▸ EXERCISE
Go through the material below line by line and count those containing "this". Write the count and nothing more.

▸ INFORMATION

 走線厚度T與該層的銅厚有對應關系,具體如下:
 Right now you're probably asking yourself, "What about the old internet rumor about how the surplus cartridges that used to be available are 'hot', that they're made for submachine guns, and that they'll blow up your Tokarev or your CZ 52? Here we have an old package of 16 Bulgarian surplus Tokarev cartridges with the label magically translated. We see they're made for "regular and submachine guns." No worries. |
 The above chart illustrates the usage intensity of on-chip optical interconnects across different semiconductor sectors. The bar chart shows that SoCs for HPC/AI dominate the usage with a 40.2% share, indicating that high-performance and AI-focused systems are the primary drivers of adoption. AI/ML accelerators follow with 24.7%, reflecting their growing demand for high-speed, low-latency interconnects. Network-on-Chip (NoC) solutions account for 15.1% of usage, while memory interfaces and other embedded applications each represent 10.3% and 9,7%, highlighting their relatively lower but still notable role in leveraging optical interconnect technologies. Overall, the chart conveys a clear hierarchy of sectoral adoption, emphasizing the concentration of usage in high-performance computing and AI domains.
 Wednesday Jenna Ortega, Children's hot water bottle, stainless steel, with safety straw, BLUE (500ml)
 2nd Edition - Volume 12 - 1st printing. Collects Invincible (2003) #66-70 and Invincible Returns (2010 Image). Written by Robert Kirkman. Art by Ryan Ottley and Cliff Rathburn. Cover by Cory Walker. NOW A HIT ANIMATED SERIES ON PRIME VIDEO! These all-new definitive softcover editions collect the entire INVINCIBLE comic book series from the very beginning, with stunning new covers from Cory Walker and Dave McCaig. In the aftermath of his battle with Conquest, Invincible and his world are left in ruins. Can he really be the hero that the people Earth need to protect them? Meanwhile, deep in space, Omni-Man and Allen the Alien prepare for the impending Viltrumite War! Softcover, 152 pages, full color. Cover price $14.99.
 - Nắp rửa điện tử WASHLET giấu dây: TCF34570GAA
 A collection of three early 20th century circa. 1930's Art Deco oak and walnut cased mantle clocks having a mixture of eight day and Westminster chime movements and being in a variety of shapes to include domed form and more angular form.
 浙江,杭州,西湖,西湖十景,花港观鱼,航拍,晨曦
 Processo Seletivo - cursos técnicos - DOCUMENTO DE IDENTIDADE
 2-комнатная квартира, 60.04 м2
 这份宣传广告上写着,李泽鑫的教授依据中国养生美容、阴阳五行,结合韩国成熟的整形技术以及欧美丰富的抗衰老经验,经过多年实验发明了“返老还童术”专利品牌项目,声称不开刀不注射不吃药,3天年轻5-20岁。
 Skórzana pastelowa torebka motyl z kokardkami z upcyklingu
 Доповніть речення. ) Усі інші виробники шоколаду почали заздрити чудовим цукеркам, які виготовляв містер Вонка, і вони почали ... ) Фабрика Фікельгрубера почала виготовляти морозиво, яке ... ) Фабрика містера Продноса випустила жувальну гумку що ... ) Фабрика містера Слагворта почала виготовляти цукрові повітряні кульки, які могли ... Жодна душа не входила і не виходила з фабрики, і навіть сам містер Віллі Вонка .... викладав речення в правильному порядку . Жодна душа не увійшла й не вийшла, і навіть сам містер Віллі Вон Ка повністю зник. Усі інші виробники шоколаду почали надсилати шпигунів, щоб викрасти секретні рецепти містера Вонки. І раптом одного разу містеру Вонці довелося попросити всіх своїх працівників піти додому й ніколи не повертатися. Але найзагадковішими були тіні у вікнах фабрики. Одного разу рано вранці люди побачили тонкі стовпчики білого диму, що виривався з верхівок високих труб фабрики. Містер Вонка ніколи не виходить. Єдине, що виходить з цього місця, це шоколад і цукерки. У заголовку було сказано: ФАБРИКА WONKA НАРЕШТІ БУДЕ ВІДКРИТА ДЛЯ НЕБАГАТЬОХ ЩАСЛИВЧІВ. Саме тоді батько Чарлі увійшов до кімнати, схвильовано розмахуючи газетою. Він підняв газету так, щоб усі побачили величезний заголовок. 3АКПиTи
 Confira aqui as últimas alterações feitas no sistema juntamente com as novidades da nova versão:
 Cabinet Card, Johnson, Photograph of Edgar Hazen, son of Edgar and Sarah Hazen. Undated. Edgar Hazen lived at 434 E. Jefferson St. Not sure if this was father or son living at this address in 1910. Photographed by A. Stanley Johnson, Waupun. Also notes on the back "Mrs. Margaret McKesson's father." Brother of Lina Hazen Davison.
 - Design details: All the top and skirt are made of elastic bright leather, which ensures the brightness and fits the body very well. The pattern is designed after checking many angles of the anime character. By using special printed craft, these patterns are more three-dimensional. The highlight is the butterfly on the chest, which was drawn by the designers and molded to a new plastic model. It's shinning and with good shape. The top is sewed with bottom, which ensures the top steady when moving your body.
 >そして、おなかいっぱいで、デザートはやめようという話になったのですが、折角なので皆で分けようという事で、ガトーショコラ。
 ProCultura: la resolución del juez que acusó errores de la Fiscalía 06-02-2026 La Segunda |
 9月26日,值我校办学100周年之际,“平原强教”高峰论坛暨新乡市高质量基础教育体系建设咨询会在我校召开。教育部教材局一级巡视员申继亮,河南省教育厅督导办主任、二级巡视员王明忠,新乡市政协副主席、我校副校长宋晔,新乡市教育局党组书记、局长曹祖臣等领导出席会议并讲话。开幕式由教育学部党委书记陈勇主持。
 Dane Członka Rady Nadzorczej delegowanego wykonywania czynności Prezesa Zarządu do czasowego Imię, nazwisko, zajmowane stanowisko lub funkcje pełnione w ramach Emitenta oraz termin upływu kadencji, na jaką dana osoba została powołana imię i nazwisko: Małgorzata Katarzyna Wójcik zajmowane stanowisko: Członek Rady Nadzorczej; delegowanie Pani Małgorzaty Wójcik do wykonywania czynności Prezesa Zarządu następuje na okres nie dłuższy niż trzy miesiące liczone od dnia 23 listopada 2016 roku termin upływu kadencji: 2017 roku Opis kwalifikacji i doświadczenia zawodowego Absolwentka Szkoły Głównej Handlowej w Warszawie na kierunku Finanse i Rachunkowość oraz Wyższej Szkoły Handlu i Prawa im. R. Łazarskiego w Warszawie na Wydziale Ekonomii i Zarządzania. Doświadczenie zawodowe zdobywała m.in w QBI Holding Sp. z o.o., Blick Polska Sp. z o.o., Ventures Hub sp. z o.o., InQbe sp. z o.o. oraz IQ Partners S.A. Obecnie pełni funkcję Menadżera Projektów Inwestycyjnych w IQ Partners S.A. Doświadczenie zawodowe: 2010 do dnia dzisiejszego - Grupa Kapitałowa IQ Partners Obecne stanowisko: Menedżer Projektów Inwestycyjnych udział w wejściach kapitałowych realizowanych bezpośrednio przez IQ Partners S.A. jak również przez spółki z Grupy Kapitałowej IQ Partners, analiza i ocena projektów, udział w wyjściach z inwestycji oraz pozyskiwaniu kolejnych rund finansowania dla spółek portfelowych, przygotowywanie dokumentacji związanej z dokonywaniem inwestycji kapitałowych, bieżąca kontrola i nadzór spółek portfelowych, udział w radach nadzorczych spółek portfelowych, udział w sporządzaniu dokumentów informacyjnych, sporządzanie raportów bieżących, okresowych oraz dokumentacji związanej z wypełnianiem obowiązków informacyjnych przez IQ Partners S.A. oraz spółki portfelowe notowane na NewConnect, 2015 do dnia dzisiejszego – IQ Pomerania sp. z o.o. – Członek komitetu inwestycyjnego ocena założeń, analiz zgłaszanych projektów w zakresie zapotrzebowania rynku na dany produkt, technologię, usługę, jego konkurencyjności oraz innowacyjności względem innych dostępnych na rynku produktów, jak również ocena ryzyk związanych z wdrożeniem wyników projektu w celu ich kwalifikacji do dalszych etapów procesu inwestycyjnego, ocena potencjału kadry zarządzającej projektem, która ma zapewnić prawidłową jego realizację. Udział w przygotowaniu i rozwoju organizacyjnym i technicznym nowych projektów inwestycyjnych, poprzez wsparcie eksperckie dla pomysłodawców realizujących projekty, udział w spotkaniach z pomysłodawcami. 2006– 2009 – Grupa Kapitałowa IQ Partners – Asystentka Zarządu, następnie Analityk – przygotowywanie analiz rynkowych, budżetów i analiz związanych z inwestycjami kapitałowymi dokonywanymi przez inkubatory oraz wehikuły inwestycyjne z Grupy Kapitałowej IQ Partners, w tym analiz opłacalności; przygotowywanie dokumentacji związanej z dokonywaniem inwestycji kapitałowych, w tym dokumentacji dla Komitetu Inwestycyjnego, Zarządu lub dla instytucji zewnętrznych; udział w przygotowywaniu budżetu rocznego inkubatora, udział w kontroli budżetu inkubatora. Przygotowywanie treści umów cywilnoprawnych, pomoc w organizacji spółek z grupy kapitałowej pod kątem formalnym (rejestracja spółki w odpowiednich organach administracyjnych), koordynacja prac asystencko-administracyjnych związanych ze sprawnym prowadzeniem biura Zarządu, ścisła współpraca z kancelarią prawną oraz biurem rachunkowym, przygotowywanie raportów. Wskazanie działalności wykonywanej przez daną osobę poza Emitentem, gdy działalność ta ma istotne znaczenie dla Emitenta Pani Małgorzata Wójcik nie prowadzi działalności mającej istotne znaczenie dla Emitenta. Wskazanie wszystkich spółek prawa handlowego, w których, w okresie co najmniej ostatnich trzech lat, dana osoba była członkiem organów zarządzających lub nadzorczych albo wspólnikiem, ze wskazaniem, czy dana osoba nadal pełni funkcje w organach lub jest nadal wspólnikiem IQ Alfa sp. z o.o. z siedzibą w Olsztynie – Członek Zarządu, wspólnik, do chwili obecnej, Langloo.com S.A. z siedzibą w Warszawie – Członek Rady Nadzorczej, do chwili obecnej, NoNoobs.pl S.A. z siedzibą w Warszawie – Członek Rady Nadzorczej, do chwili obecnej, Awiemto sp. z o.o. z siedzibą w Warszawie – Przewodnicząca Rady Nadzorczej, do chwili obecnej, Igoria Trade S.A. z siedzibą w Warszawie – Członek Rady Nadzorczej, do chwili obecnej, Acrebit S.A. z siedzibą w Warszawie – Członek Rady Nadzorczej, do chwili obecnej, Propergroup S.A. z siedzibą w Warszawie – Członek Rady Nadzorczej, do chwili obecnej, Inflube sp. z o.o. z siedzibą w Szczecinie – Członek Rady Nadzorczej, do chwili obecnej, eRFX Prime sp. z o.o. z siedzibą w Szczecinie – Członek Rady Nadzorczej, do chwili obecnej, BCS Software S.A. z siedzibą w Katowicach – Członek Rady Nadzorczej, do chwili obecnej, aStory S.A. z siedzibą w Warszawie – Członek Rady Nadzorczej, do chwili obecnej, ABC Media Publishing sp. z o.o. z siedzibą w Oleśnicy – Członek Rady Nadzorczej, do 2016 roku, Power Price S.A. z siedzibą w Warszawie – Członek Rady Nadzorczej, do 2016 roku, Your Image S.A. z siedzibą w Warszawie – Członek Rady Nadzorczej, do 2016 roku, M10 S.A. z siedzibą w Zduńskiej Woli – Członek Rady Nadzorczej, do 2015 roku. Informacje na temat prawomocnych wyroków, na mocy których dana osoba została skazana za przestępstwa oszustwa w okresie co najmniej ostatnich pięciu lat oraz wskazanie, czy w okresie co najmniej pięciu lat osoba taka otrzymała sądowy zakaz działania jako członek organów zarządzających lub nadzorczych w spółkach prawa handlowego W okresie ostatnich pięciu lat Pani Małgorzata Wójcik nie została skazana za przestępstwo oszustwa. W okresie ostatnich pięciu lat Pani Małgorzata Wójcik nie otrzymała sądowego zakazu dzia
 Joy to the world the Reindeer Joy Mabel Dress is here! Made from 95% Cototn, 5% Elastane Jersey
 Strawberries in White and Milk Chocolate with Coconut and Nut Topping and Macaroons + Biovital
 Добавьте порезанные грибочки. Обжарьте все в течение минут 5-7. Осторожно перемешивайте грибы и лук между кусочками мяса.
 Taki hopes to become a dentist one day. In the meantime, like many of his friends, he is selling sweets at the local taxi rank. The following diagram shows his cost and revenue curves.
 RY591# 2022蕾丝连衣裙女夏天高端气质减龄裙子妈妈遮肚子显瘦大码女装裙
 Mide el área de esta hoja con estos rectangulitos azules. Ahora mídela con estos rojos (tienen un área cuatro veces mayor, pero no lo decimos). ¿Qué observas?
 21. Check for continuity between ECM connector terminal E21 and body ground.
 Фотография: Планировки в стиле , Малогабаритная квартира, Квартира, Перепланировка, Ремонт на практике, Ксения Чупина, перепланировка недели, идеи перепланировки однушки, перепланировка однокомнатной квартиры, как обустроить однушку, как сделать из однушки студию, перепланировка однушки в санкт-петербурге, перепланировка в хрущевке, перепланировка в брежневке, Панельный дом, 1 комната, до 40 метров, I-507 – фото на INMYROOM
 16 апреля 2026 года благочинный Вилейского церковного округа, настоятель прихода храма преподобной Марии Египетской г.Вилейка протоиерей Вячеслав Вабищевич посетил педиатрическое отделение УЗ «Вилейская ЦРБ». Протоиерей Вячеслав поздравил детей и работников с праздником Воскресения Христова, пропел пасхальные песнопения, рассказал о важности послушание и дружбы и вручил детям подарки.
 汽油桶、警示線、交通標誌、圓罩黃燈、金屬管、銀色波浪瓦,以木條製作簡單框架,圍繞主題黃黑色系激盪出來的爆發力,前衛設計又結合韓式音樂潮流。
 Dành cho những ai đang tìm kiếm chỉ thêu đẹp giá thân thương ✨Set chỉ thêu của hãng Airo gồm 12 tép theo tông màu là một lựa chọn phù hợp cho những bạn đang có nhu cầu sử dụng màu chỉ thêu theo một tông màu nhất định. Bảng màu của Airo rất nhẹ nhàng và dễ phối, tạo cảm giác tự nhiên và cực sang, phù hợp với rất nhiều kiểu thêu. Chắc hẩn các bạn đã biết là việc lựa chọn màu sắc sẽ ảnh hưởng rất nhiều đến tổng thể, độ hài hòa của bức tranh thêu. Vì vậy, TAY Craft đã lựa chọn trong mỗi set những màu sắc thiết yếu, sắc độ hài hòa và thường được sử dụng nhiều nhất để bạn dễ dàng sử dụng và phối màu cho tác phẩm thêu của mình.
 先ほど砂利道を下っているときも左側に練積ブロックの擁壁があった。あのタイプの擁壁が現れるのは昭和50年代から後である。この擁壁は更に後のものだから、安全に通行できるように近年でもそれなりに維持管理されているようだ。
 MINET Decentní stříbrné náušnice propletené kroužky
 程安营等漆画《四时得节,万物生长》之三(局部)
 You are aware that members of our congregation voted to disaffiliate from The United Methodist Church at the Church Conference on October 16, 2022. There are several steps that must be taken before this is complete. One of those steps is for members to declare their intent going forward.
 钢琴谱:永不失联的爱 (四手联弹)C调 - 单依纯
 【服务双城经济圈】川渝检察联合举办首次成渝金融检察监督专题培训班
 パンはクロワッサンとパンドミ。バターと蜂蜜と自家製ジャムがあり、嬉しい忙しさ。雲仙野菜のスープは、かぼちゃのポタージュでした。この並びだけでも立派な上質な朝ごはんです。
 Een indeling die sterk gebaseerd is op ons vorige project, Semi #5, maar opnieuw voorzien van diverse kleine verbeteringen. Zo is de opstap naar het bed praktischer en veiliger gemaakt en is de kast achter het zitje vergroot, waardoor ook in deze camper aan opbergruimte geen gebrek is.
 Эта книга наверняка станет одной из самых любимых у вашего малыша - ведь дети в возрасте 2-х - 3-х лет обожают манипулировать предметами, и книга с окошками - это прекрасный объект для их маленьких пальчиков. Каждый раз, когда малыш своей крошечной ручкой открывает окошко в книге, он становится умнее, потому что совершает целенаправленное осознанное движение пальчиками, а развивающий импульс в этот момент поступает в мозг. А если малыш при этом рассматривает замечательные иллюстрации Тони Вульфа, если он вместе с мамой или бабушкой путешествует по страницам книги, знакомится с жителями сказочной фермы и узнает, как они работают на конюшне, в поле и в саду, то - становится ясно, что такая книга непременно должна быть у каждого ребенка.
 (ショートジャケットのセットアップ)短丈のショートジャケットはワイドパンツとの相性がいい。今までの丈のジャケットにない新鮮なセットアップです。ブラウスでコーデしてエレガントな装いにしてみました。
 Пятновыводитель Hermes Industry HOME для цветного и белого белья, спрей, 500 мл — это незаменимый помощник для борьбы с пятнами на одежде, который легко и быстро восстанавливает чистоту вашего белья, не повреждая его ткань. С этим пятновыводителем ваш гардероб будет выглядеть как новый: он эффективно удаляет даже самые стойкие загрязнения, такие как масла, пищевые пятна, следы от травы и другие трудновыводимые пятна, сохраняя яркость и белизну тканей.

▸ ANSWER TO THE EXERCISE
2